Pembroke went in and remained to luncheon, as did Miles. The Colonel was in great spirits. He had had a brush on the road with Mrs. Peyton, and had been over to The Beeches.

“And by the way, Pembroke, what’s this I hear about poor Cole getting as tight as Bacchus the other night at The Beeches?”

“Nothing at all,” answered Pembroke. He did not mean to say anything about Ahlberg’s share in it, considering the relations between them, but the Colonel was too sharp for him.

“Now, Cole wouldn’t go and do a thing like that unless he was put up to it. Didn’t our friend with the waxed mustache have something to do with it, eh? Oh, yes, I see he did.”

Pembroke smiled at the way Colonel Berkeley read his face. Olivia spoke up with spirit.

“Papa, I hate that Mr. Ahlberg. Pray don’t have him here any more.”

But the Colonel looked quite crestfallen at this. Ahlberg amused him, and life was very, very dull for him.

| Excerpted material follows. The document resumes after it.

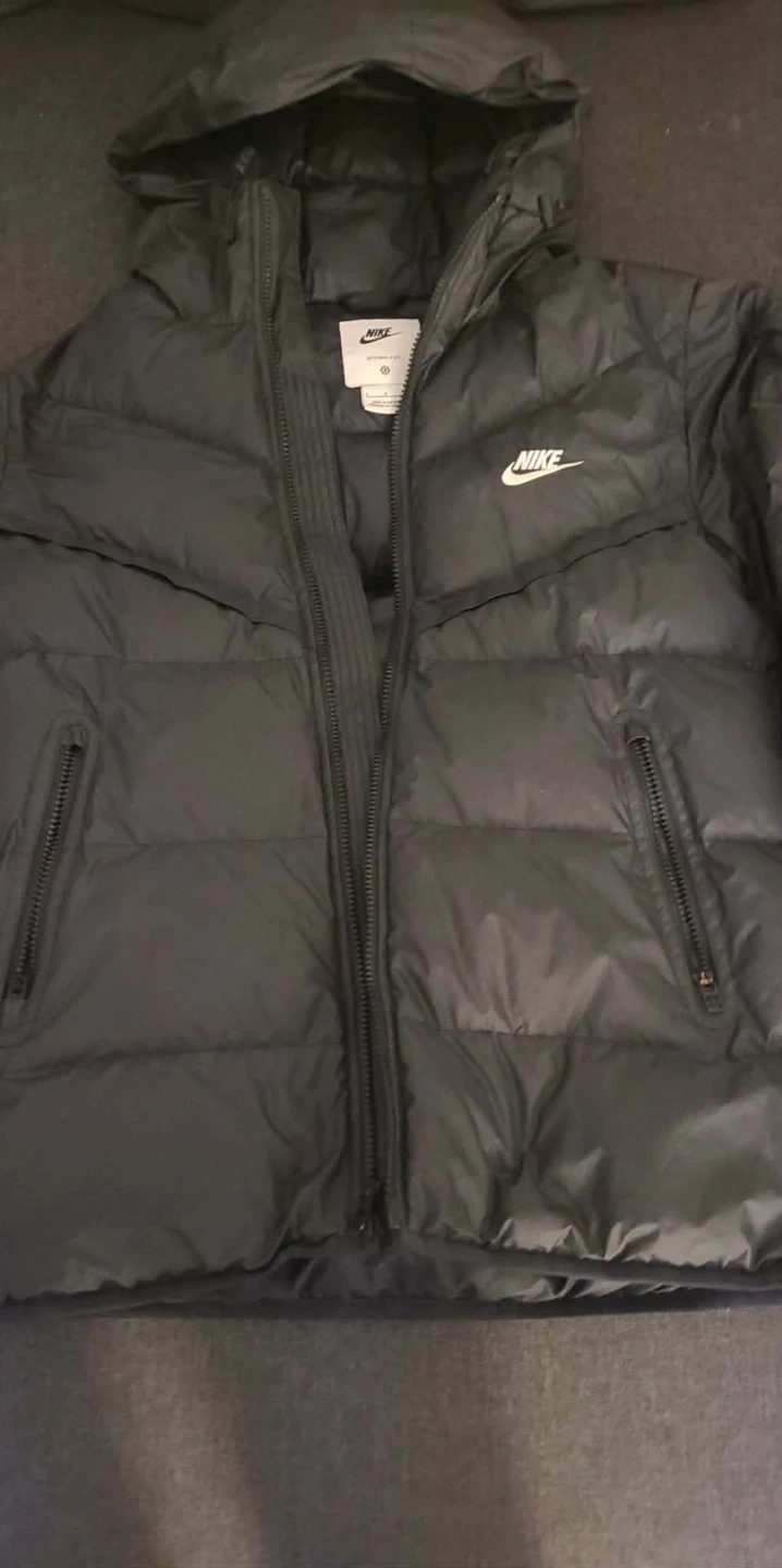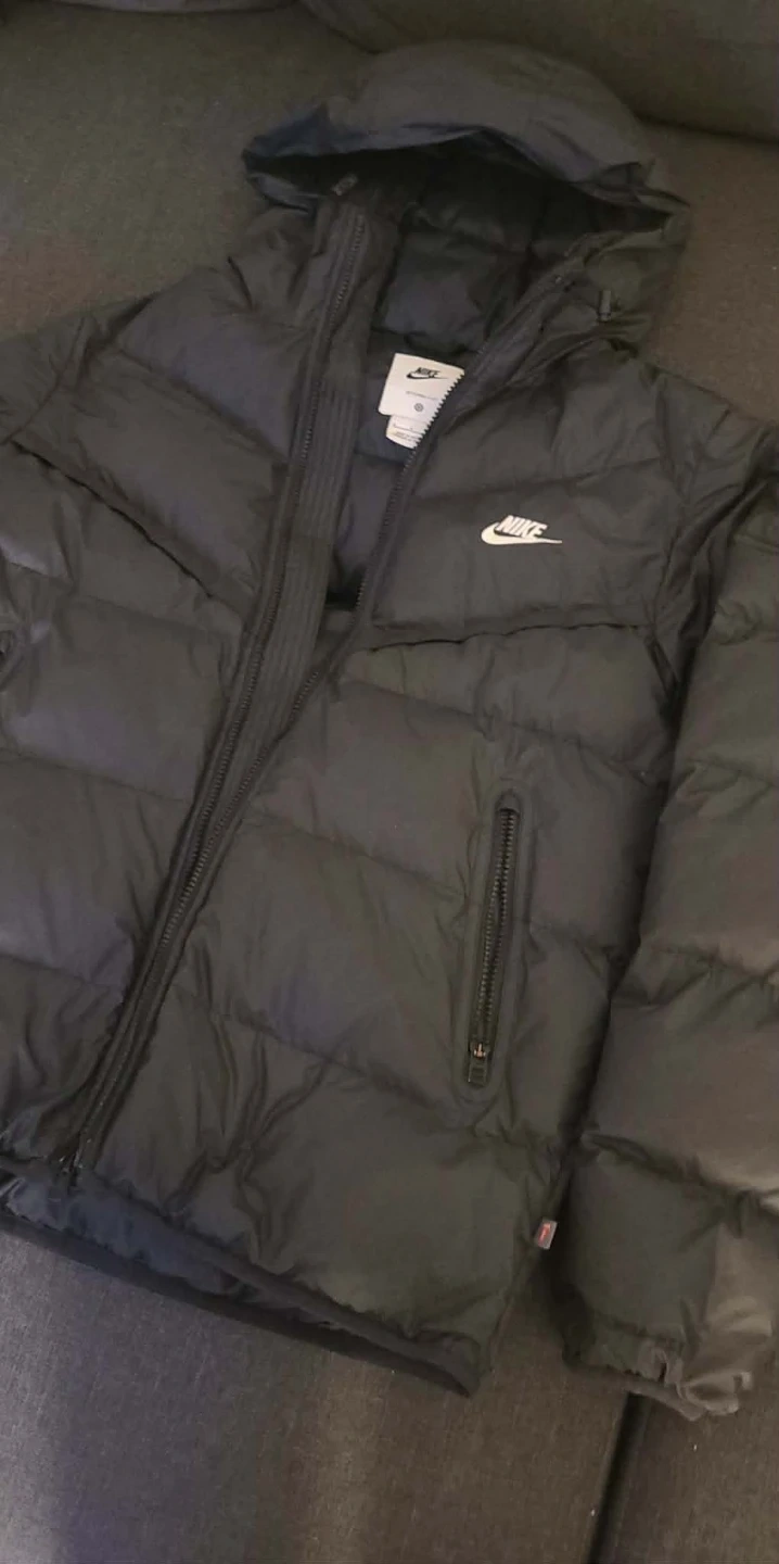 Nike puffer jacket with a hood. It's black and has a full zip closure with zippered pockets. Great for staying warm!

“I hope you won’t insist on that, my dear,” he said, and Olivia answered:

“I can’t when you look that way.”

Much relieved, the Colonel began again. “And Madame Koller, I hear—ha! ha!”

“Papa!”

The note of dreadful warning in Olivia’s voice vexed Pembroke. But he could not explain and she would not understand.

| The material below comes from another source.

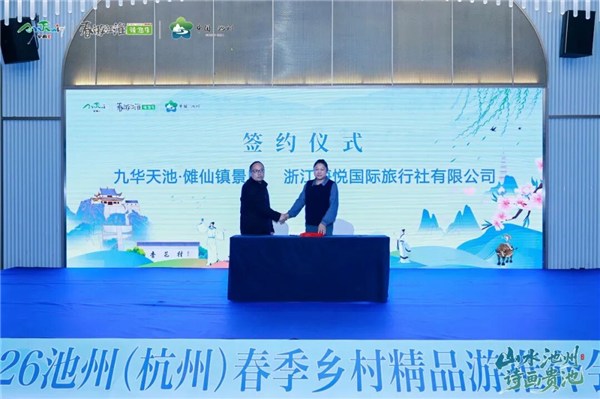 推介会核心环节——签约仪式取得丰硕成果。池州市贵池区九华天池景区与杭州重点旅行社代表现场签署战略合作协议,标志着两地在客源互送、资源共享、市场共建等领域迈入更深层次的合作阶段。

Afterward, the two brothers walking along briskly toward home, Miles said:

“Do you know I believe Ahlberg is making love to Olivia on the sly!”

Pembroke felt an infinite disgust at this—Ahlberg with his waxed mustache, and his napkin tucked in his waistcoat, and his salmis and his truffles, making love to Olivia Berkeley!

“He doesn’t want Madame Koller to know it, though, I’ll warrant,” continued Miles. “Anybody can see his game there.”

“If he asks Olivia to marry him there will be another ear-boxing episode in this neighborhood,” said Pembroke with a short laugh.